I know that in life, no matter how hard one tries to keep up-to-date with everyone, somehow there will be relationships that wane. I know that this is not because the friends don't want to keep in touch, but because life happens, people change, and friends just drift away.
I can't help feeling that if I was at home instead of here, I would have known about all these things. Now, I don't want to be at home instead of here. By no means. I just don't like the feeling that with me and these friends, absence hasn't made the heart grow fonder. Rather, out of sight has meant out of mind. It's just stinky.
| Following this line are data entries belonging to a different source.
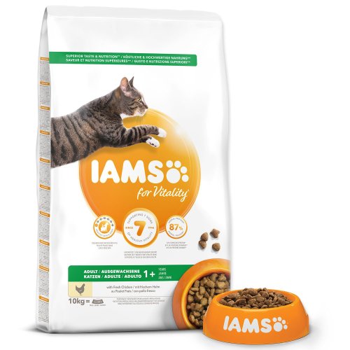 Krmivo IAMS for Vitality pro dospělé kočky je 100% kompletní a vyvážené, odborníky sestavené krmivo, které bude vašemu zvířeti chutnat a svědčit. Naše nová a vylepšená receptura pro dospělé kočky s čerstvým kuřecím masem je založena na kvalitních živočišných bílkovinách pečlivě vybraných tak, aby podporovaly sedm znaků zdravé vitality kočky. Aby byly kočky zdravé, aktivní a plné energie, obsahují naše lahodné receptury až 87 % živočišných bílkovin (z celkového obsahu bílkovin).
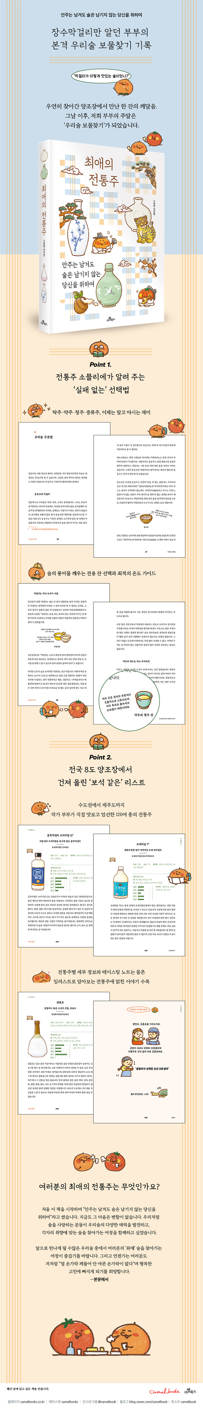 지역별 전통차를 취재하러 전국을 누비던 인스타그램 웹툰 작가 조대봉(아내)과 토망씨(남편) 부부. 어느 날 우연히 방문한 강화도의 양조장에서 막걸리 한 잔에 마음을 빼앗긴 뒤, 이들의 여정은 ‘전통주 보물찾기’로 변모한다. 『최애의 전통주』는 쌀과 누룩이 빚어낸 구수한 막걸리부터 정갈한 약주, 이슬처럼 깨끗한 증류식 소주까지 저자 부부의 마음을 사로잡은 보석 같은 우리술 이야기들을 담고 있다.
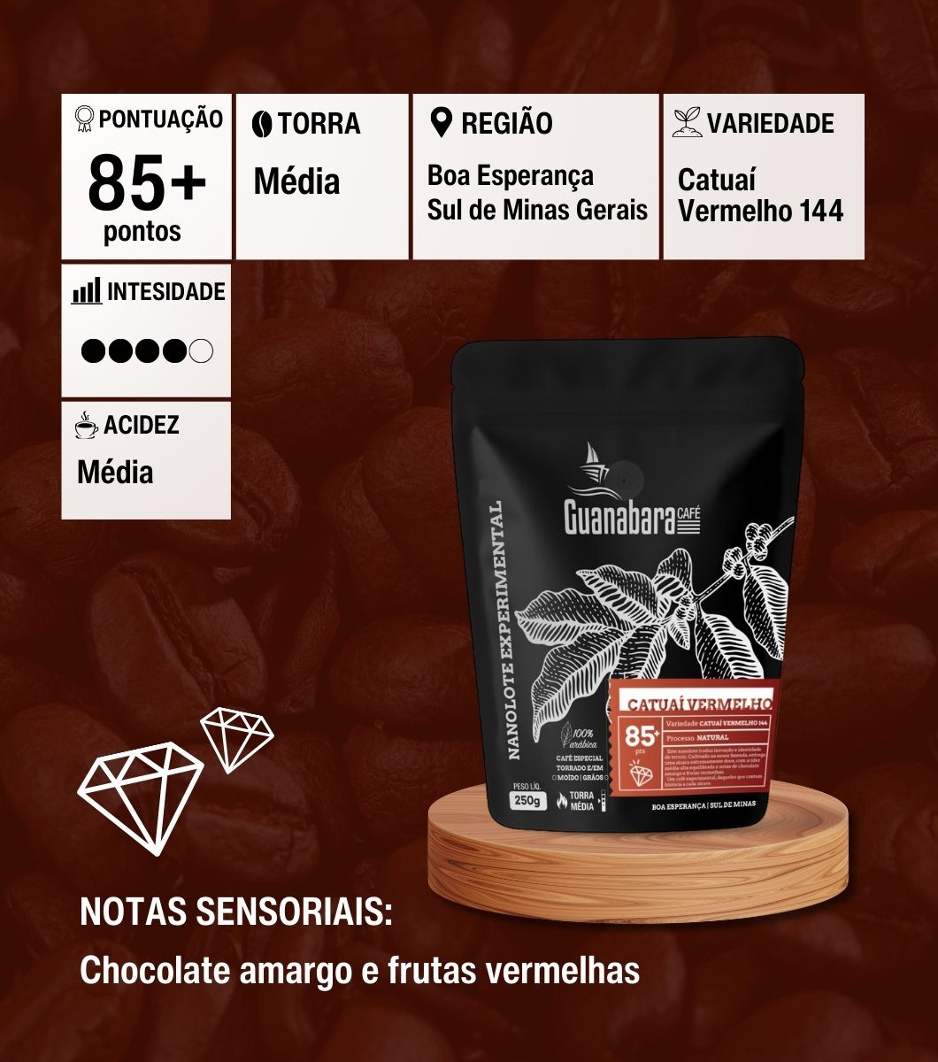 Este é o primeiro café da 2ª edição dos Nanolotes do Campo Experimental da Guanabara Café. Ele traduz inovação e identidade de terroir. Cultivado na nossa fazenda, entrega uma xícara extremamente doce, com acidez média-alta equilibrada e notas de chocolate amargo e frutas vermelhas. Um café experimental, marcante e cheio de propósito, daqueles que contam história a cada xícara.
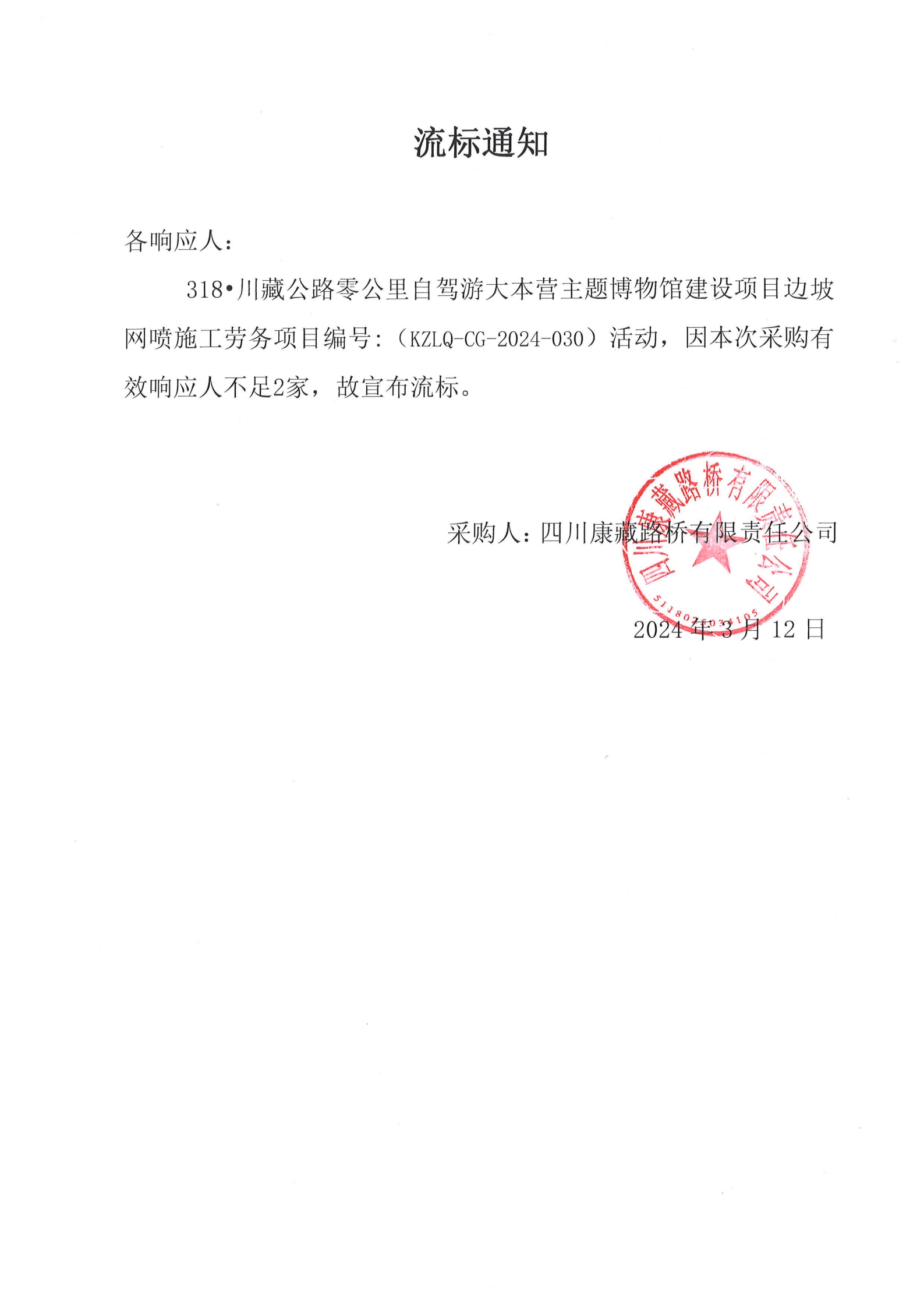 四川康藏路橋有限責任公司318·川藏公路零公里自駕游大本營主題博物館建設項目邊坡網(wǎng)噴施工勞務流標通知
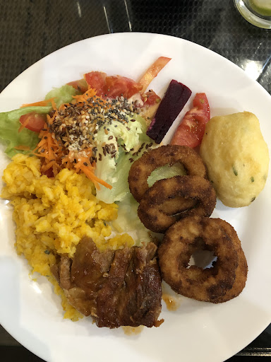 Read morePossui variedade de saladas, quando fui estavam todas frescas e saborosas. Para pessoas veganas tem opções como arroz, feijão, batata frita e bolinhos de feijão/lentilha. No geral, achei a comida bem salgada e isso considero um ponto negativo considerando a proposta do restaurante. A sobremesa que comi, sagu, era cortesia e estava bem saborosa. O preço é ok se for considerar as opções para pessoas...
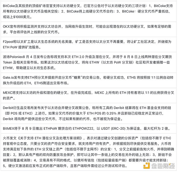 这一场分叉盛世,是每个交易所都不会错过的流量盛宴,目前可以确定如下交易所的态度,生态建设有利可图会吸引他们在二级市场上的支持,构建属于 ETHPOW 的交易深度。

My consolation is that, no matter how far I manage to drift from my Christian friends, we will have eternity together in the presence of the Lord. As much as I'd love to be with them now, and never lose track of the major events of their lives, I know that with them I will actually share the most significant event in our lives: blessed worship in the face of our God. I don't know all that much about what will go on in Heaven besides eternal worship of the Lamb, but I hope that we'll get a chance to catch up with one another and never have to worry about drifting away from one another again. That's not stinky, that's good.
2 comments:
I guess now would be a good time to tell you I got married last month and I'm moving to an undisclosed location to take a high level position on the Dick Cheney Assassination Squad. Sorry I forgot to tell you sooner.
I'm sorry this is making you sad, friend! I can totally see how it would, though. Don't worry ... if I get engaged or pregnant, I will most definitely be letting you know. ;)
But please don't expec to hear that kind of news from me for a long, loooooong time. Ha ha! I love reading your blog, and I love that YOU read MY blog!